Traltha was a heavy planet pulling two-plus Earth Gs which meant that, except when sleeping or resting flat, they were required to wear gravity-nullifier harnesses at all times. O’Mara could have stood upright and moved about without one, but the others did not have his experience on space construction sites and could have fallen over and broken something and he would, after all, merely have been showing off.
The first time Joan appeared wearing hers she remarked that the antigravity harness could easily have doubled as a medieval Earth chastity belt.
On the atmosphere flights to justly famous Dunelton Gorge and the beautiful Bay of Trammith, and during the two-day stopovers for sightseeing, they traveled, talked, seriously and otherwise, and had all their meals together, but O’Mara had the feeling that a little distance was beginning to grow between them.
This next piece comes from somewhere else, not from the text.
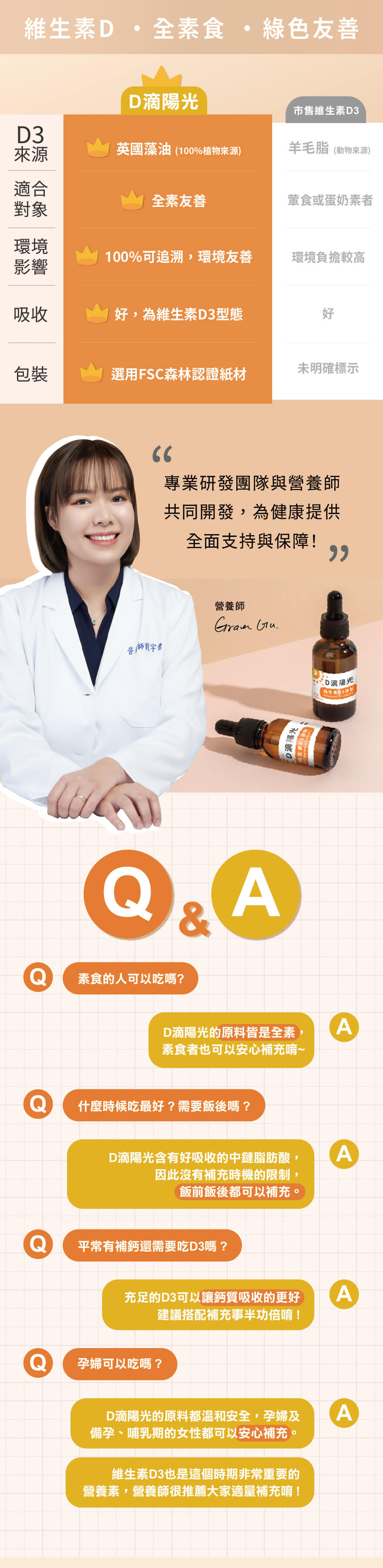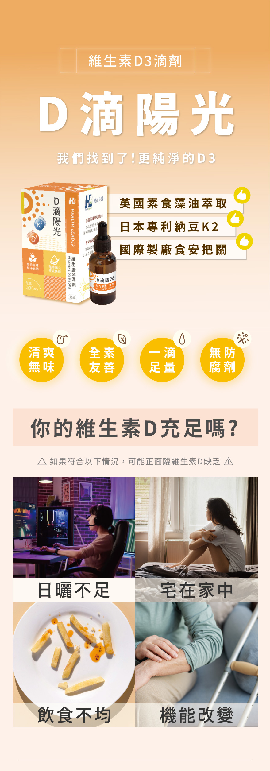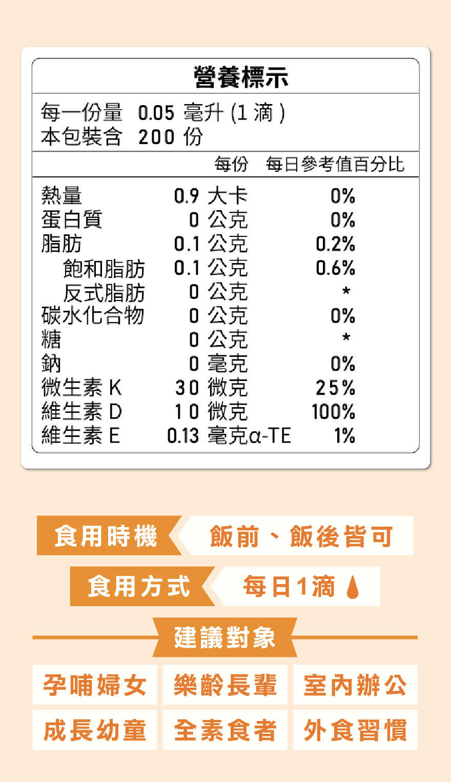 【產品成分】維生素D3、維生素K2【產品特點】◆1滴400IU,滿足每日所需◆全年齡、兒童、全素者皆可食用◆孕婦、備孕及哺乳期女性安心食用全素植物萃取來源選用FSC森林認證包裝【食用方式】每日1滴,建議飯前、飯後皆可食用
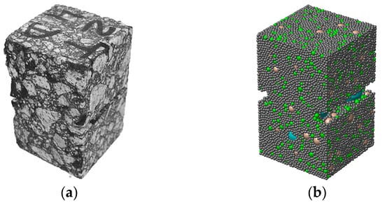- Nian, T.; Ge, J.; Li, P.; Wang, M.; Mao, Y. Improved Discrete Element Numerical Simulation and Experiment on Low-Temperature Anti-Cracking Performance of Asphalt Mixture Based on PFC2D. Constr. Build. Mater. 2021, 283, 122792. [Google Scholar] [CrossRef]

By then he had learned how to swim well enough to try doing it from the gently sloping golden beach that fringed the bay, accompanied, naturally, by his shapely lifeguard. But their tour guide forbade all swimming, pointing out that Trammith was a nature preserve sparsely populated by a rare and protected species of sea predators who didn’t care what or who they ate, so there was no close physical contact with her either in or out of the water.
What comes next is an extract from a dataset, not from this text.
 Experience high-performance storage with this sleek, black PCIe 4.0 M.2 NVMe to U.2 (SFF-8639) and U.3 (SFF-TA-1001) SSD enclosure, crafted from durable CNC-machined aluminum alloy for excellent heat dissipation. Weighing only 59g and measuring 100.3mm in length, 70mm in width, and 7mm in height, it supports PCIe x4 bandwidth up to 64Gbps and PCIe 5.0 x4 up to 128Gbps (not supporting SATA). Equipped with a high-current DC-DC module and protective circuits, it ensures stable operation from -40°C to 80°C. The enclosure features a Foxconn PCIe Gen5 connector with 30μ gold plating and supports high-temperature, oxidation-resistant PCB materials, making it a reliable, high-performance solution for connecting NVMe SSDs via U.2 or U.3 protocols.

Had she simply given up on him, he wondered, because he had refused to take the many chances she had given him and was backing off while she still had some pride left? Or, now that he no longer wore uniform and was beginning to show more interest in her, was she trying to encourage him further by playing hard to get?
Only a nasty, devious-minded psychologist, he told himself, would have a thought like that.
He couldn’t believe that someone with his unfriendly personality could get into a situation like this. As soon as they returned to Naorthant spaceport he could simply detach himself from it by going to the Monitor office and boarding the next available ship going somewhere, anywhere, else. But that would be a stupid as well as a cowardly thing to do because, he was beginning to realize, he had been having a very enjoyable if recently a frustrating time on Kreskhallar. So whatever way the situation developed, he told himself firmly, it wouldn’t be all bad.
Early on the first night out they were on the recreation deck looking out at the stars and blue-green, mottled image of Traltha shrinking astern while they argued about the Arthurian legend of ancient Earth.
… This is another one of your legends that I’ve never understood? Kledenth was saying. “You had an aging, wise, and enlightened king who, because of the pressures of maintaining order in its country, neglected the physical and emotional needs of its much younger life-mate and queen, who in turn became so emotionally involved with its younger and physically more attractive bodyguard that it ignored the promises of fidelity it had already made and ultimately an unlawful mating for pleasure took place. As a result the once stable and prospering kingdom disintegrated and everybody died, or lived unhappily ever after. I read the story and watched some of the dramatizations, but I still can’t understand why the king allowed it to happen. Was it as wise as you say, unable to communicate its emotions, blind, or just plain stupid? I think it’s a bad story that doesn’t deserve to be told.”
“The point is’ said Joan, “that it’s a bad, sad story that could have been good. I don’t mind if the characters have to suffer provided there is a happy ending. But if people could read the signals correctly, there would be a happy ending without anyone having to suffer?